Set up: I have a epidemiological study with a dose-response curve with a series of relative risk estimates (risk ratio of mortality risk exposed compared to mortality risk unexposed) along a curve. The curve only has a few points, but I am using it to model a continuum of points in a health impact assessment using a piecewise linear regression between each pair of points. For each slope, I have two sets of confidence intervals (point a and point b) and I need to combine them to make a unified 95% CI lower and upper bound slope. To do this, I am trying to run a monte carlo analysis with 1000+ iterations to model the distribution of slopes and then select the mean, lower, and upper bound slopes to apply to my analysis.
Issue: in the epi study, I only have the central, upper and lower bound RR estimate for a given exposure level but I need to calculate the SD to run the monte carlo analysis. I do not know how many observations were included in the study for a given point on the RR curve.

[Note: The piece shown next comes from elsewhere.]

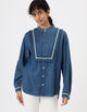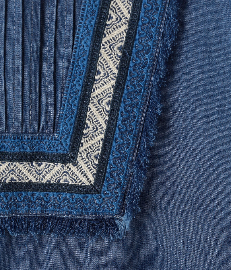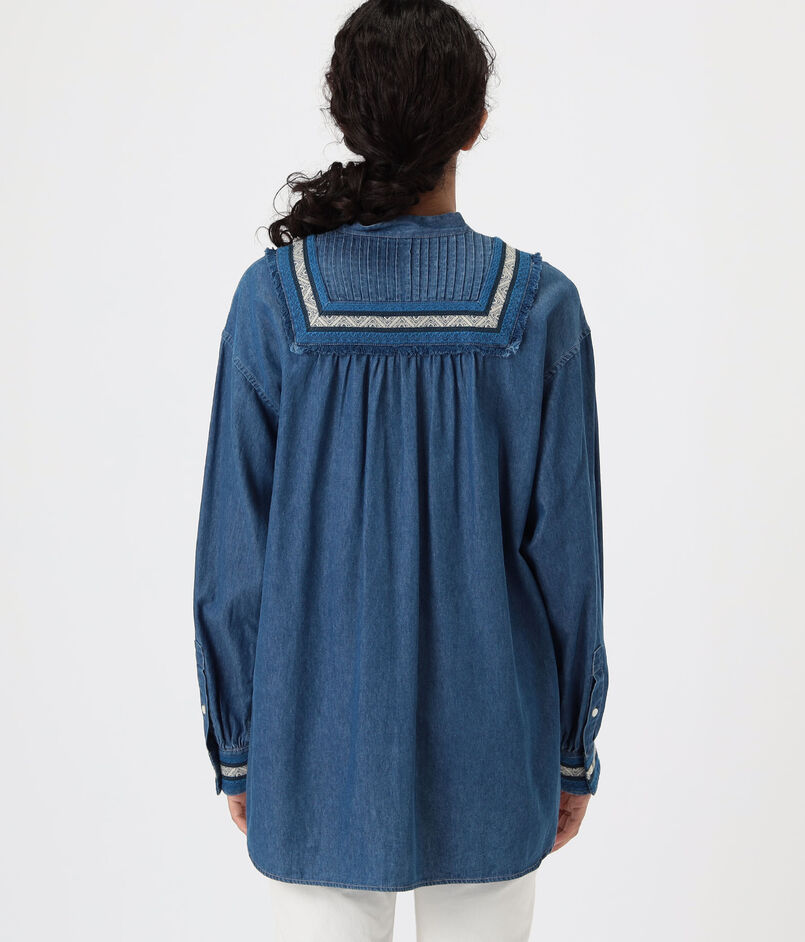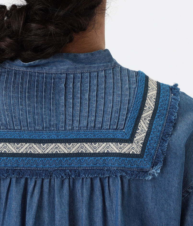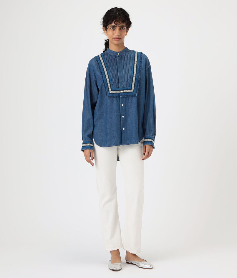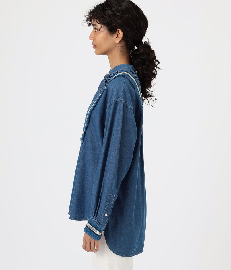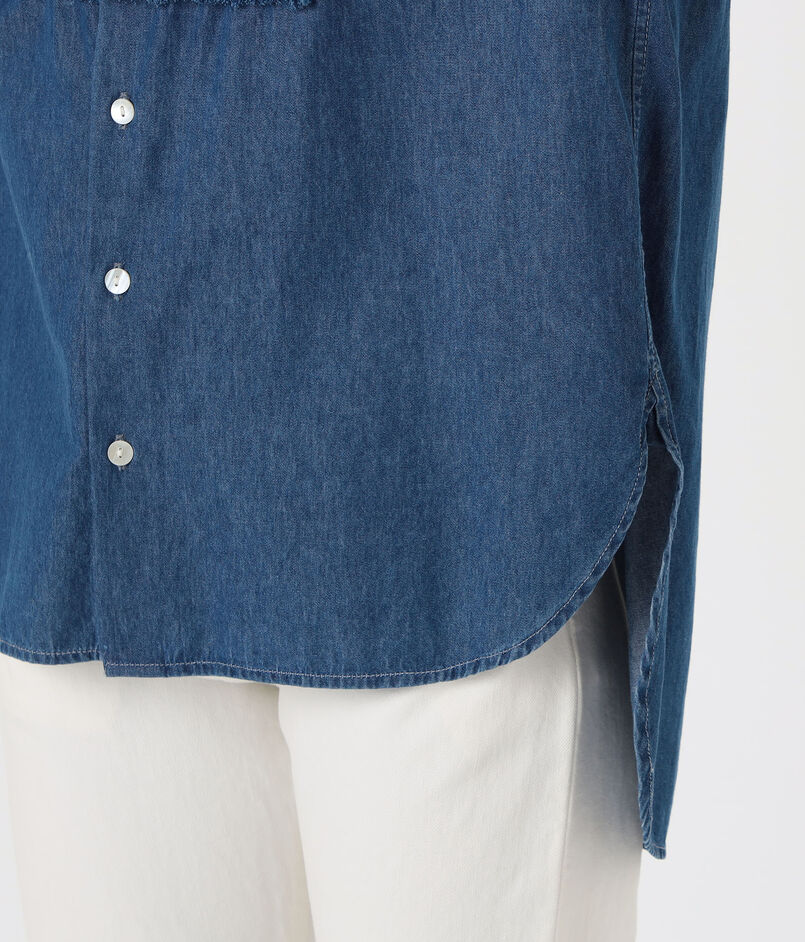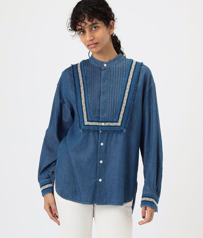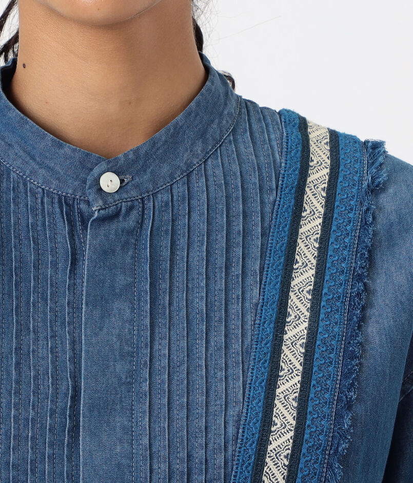 共地をほどいたフリンジに前後のピンタックディテールがデザインポイントのシャツ。

Question: is it possible to calculate the SD of RR for a point on the curve using only the mean and 95% CI? All the answers to this question have recommended using the approach found here, with requires an input for N. https://handbook-5-1.cochrane.org/chapter_7/7_7_3_2_obtaining_standard_deviations_from_standard_errors_and.htm#:~:text=The%20standard%20deviation%20for%20each,should%20be%20replaced%20by%205.15.
Just to make a concrete example, let's just say there are two points on the relative risk curve and I want to monte carlo model a distribution of slopes between these two points based on the mean and CIs. If that's the data I have, how can I estimate the SD?
At exposure = 10, 0.90 with a symmetrical 95% CI of (0.87, 0.94).
At exposure = 20; 0.95 with a symmetrical 95% CI of (0.90, 1.00).
Thank you in advance!